Banerjee does teach the claimed limitation of: inputting input sequences three independent encoders, respectively (See fig 2 which shows a multi-encoder model being used where three inputs have three separate encoder module; also Page 236-237, Section B “MEM: Multi-Encoder Model”);  and obtaining the encoded representations of the three independent encoders, respectively (see Fig 2, Page 237, col 1, lines 1-7, and Equation 2, show three encoder representation being generated). Even though Banerjee is not encoding exactly the same input sequences mentioned in the claim, it does still present an multi encoder model that takes in multiple text features same as the claimed invention before the effect filling date.
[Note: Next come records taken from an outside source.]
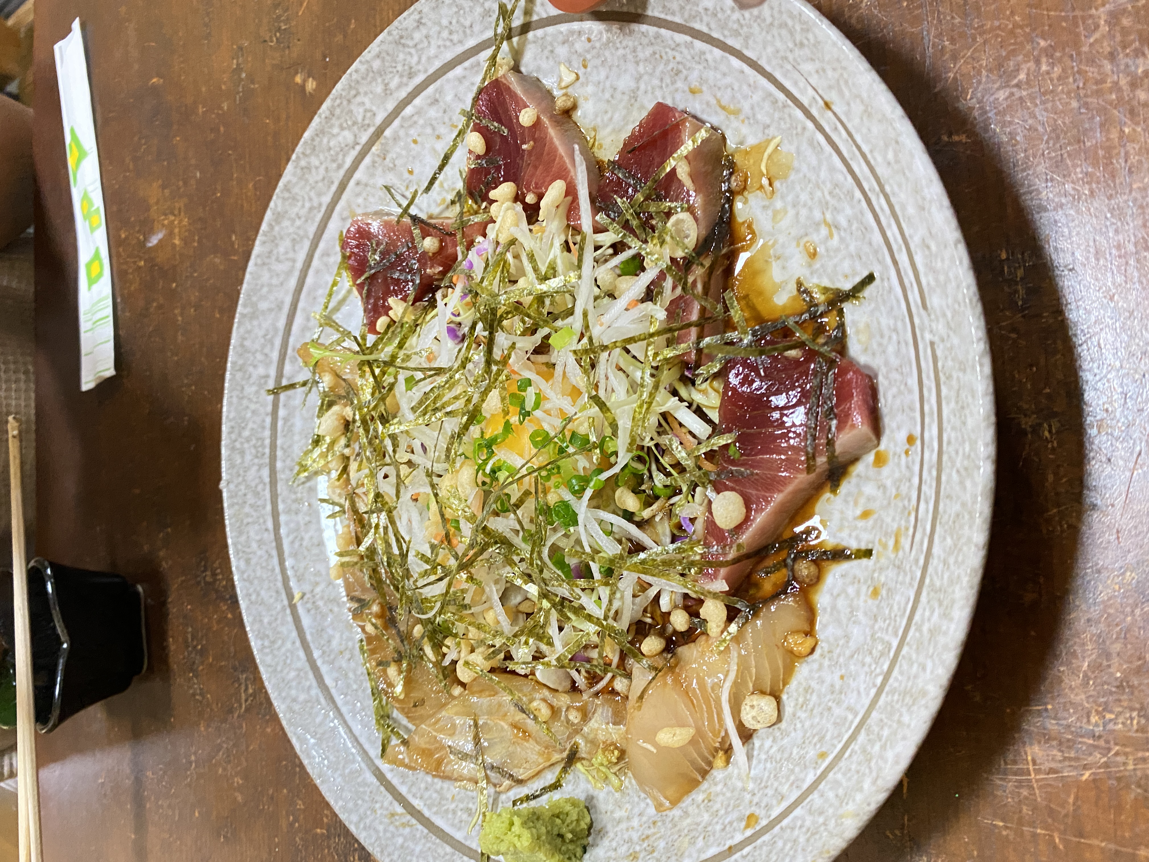 屋久島の名物という、トビウオの唐揚げ(写真左奥)がバリバリサクサクで美味しすぎました!
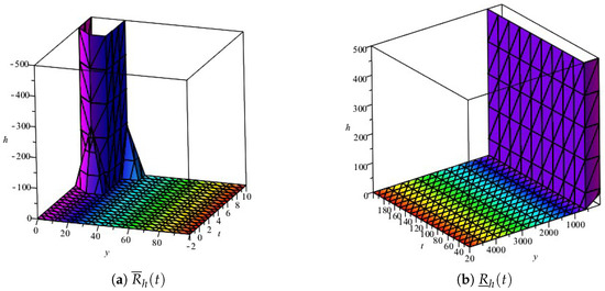 Similarly, the second term of the human-infected, quarantined, and recovered case of infinite sum of Equation (8) are given in Equations (11)–(13), respectively.
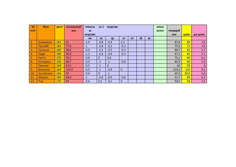 Привет! У меня за пятницу отвес 400, на весах 66,7))) Завтра скорее всего будет привес.... Племяшка выпускница сегодня, че-то в связи с этим, выбилась я из режима питания на денек(
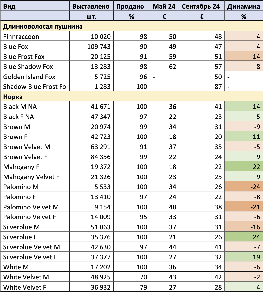 Из 3,5 миллионов шкурок норки, представленных на выставке, было продано 95%. Из 277 тыс. шкурок лисиц, песцов и финского енота было продано 90 %. Как правило, на сентябрьском аукционе значительная часть предложения состояла из шкурок низкого качества. С сентября 2023 года средняя цена шкурок норки выросла примерно на 30 %. Цены на шкурки лисиц, песцов и финского енота продолжают оставаться под влиянием слабого спроса на рынке.

Therefore, it would have been obvious to one skilled in the art before the effective filling date of the claimed invention to have modified Dong in view of Weweler to include multiple encoder model as taught by Banerjee as it can improve performance when compared to regular LSTM encoder (Page 237, Col 2, Section B, Lines 16-17).
Claims 5, 11, and 17, are rejected under 35 U.S.C. 103 as being unpatentable over Dong (Document ID: “Representing raw linguistic information in chinese text-to-speech system”) in view of Weweler (Document ID: “SINGLE-SPEAKER END-TO-END NEURAL TEXT-TO-SPEECH SYNTHESIS”) in view of Li (Document ID: "Multi-language multi-speaker acoustic modeling for LSTM-RNN based statistical parametric speech synthesis").
Regarding claim 5, 11, and 17, Dong in view of Weweler teaches the method according to claim 1, The apparatus according to claim 7, and the non-transitory computer-readable storage medium according to claim 13; prior to taking the syllable input sequence, the phoneme input sequence and the Chinese character input sequence of the current sample as inputs of the encoder of the model to be trained: 
However, Dong in view of Weweler fails to specifically mention the claimed limitation of: “converting phonemes, syllables and Chinese characters in the current sample into respective vector representations of a fixed dimension, respectively; converting vector representations of the syllables and the Chinese characters into vector representations having the same length as the vector representation of the phonemes,”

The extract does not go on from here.